> RECORDS SUPPLIED
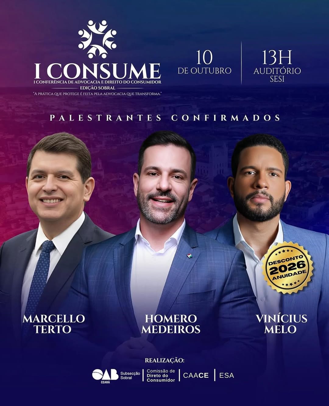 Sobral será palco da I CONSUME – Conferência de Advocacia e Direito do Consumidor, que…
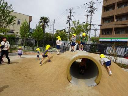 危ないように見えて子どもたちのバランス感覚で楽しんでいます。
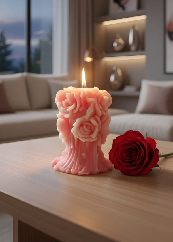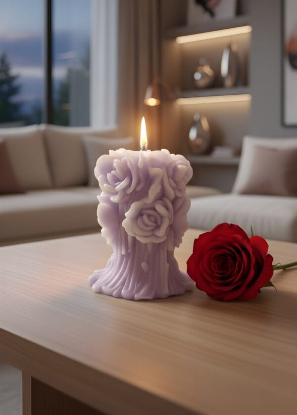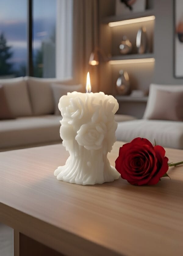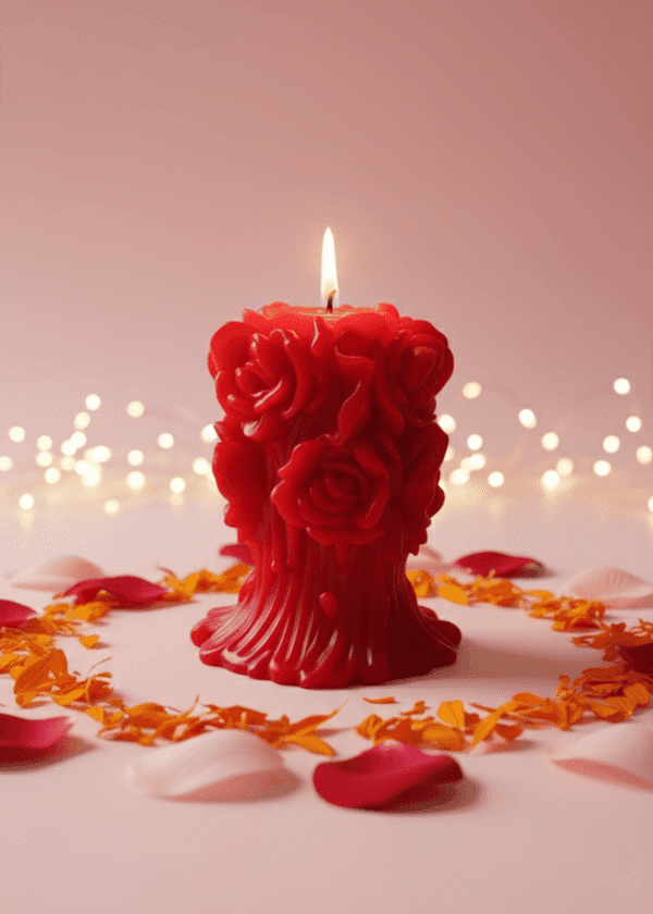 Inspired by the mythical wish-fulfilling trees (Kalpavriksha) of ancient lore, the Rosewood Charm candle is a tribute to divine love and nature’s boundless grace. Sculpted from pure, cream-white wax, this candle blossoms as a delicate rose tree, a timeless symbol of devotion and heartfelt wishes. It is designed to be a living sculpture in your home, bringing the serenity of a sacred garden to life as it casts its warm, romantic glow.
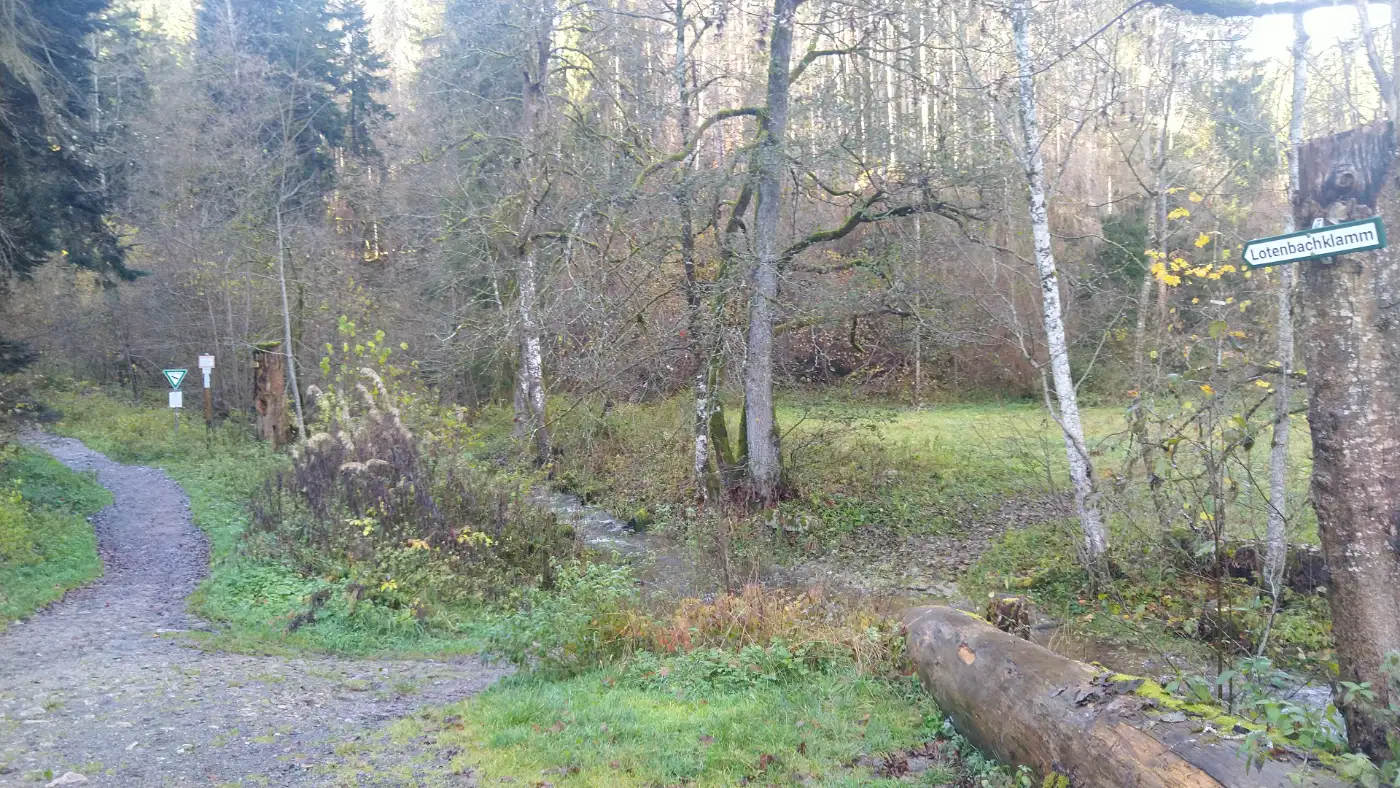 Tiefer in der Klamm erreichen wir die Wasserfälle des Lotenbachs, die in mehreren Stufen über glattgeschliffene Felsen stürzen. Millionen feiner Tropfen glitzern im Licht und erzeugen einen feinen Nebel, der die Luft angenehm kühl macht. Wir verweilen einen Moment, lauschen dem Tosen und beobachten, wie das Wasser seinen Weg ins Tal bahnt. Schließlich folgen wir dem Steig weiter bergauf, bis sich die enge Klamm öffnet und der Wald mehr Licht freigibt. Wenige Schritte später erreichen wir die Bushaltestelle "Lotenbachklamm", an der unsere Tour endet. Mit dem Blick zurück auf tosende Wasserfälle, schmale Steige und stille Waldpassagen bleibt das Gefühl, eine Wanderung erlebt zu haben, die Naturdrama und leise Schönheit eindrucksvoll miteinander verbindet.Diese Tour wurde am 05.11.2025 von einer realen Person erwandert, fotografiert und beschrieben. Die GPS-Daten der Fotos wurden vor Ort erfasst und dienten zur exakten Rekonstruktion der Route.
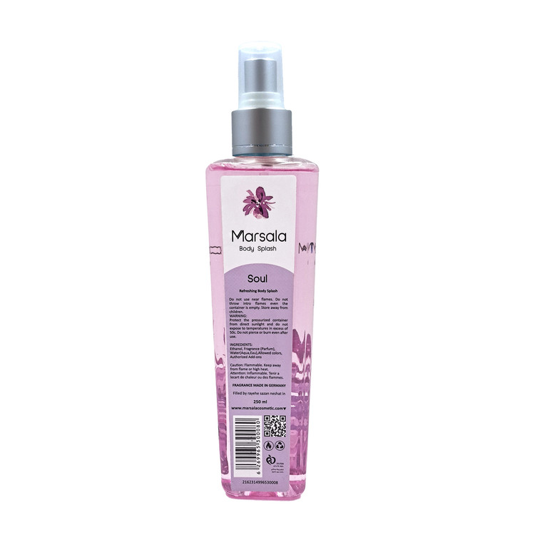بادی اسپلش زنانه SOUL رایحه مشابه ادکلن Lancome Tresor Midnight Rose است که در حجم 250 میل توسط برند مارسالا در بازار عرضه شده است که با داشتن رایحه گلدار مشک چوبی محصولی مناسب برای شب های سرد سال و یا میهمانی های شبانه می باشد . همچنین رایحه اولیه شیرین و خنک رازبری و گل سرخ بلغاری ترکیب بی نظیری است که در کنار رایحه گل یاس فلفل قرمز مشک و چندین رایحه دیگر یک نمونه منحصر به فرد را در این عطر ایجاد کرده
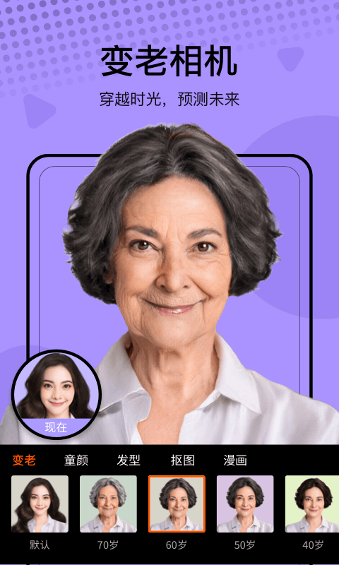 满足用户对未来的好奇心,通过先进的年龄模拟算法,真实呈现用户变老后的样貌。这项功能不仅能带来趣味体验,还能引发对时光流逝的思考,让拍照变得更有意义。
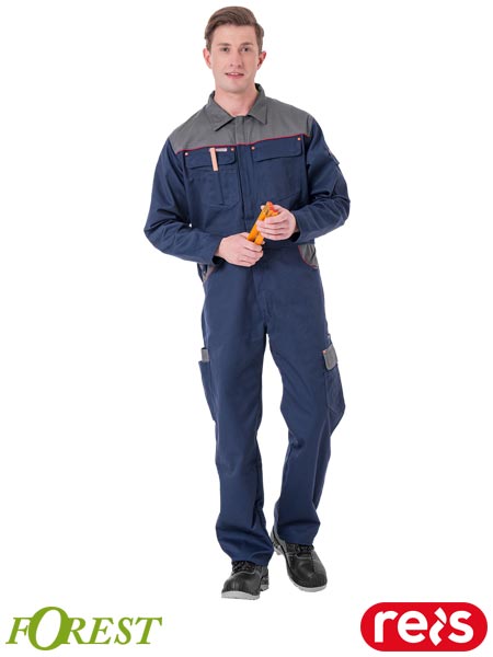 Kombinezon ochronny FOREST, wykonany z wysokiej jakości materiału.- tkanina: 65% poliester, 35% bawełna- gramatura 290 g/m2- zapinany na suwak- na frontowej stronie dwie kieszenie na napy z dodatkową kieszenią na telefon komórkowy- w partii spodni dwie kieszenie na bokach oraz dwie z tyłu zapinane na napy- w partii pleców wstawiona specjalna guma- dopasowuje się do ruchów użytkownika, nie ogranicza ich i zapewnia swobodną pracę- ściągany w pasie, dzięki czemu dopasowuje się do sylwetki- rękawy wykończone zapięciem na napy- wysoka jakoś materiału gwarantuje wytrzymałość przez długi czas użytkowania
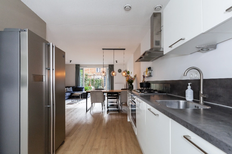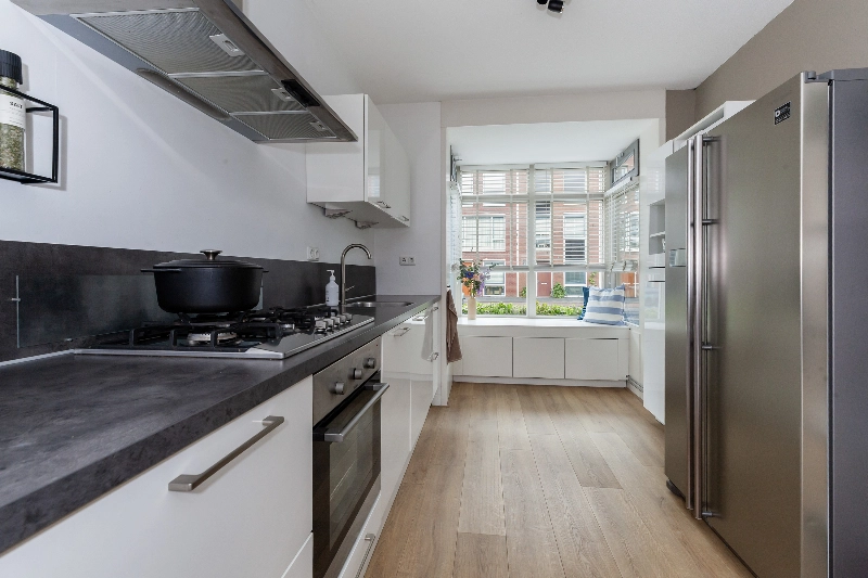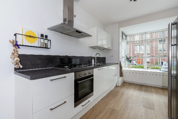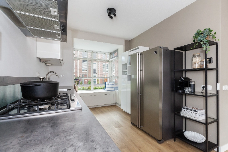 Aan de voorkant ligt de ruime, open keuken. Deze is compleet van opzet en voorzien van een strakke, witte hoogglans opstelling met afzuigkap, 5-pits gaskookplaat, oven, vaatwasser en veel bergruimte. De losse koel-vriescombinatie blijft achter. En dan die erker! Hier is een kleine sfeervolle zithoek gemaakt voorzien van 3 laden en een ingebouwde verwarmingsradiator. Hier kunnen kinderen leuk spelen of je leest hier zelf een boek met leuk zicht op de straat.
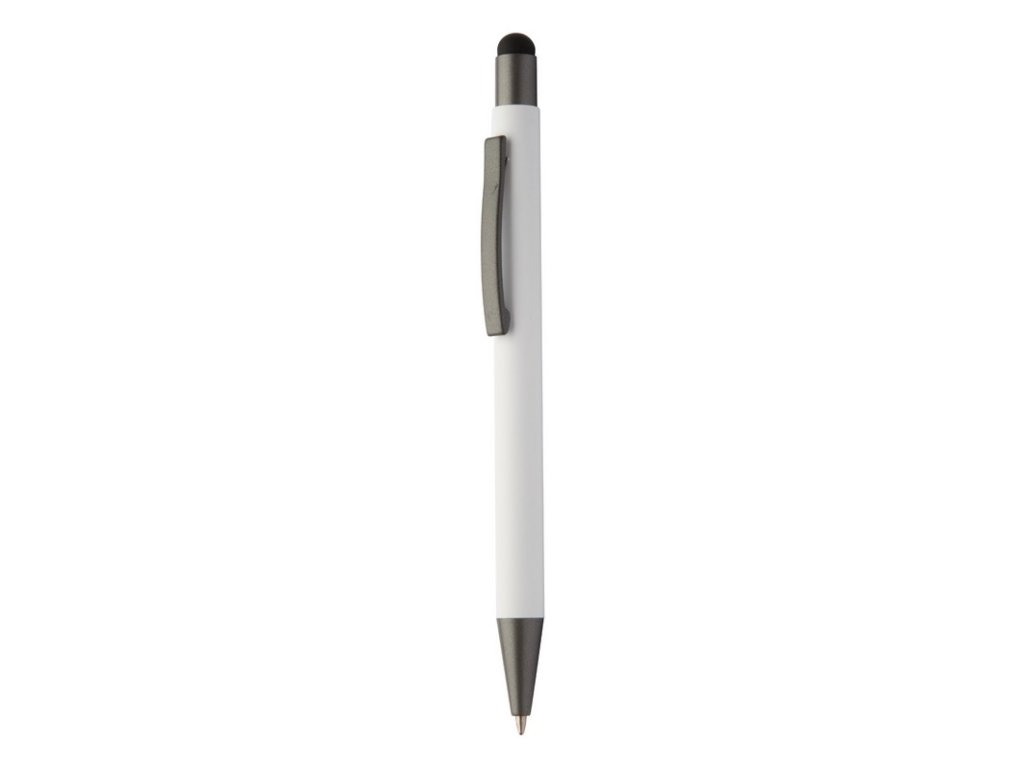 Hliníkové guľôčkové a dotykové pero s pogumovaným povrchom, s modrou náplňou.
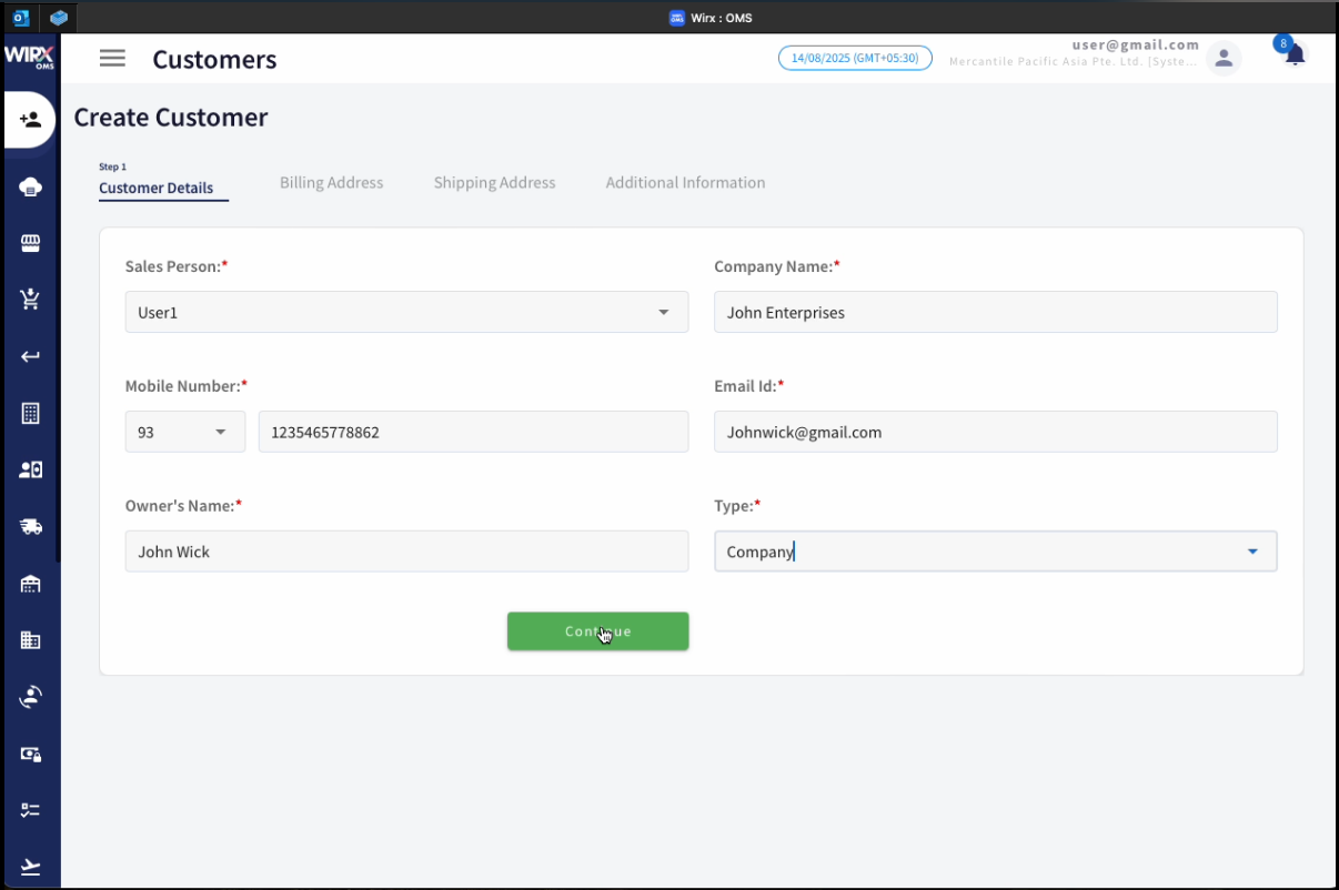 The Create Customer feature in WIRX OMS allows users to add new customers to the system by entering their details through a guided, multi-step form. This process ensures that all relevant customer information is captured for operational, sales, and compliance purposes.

> ACTIVITY
Skip the pictures. Please copy exactly the lines from the one with "Hliníkové guľôčkové a" through the final line of the material above, both ends included.

> TASK ANSWER
 Hliníkové guľôčkové a dotykové pero s pogumovaným povrchom, s modrou náplňou.
 The Create Customer feature in WIRX OMS allows users to add new customers to the system by entering their details through a guided, multi-step form. This process ensures that all relevant customer information is captured for operational, sales, and compliance purposes.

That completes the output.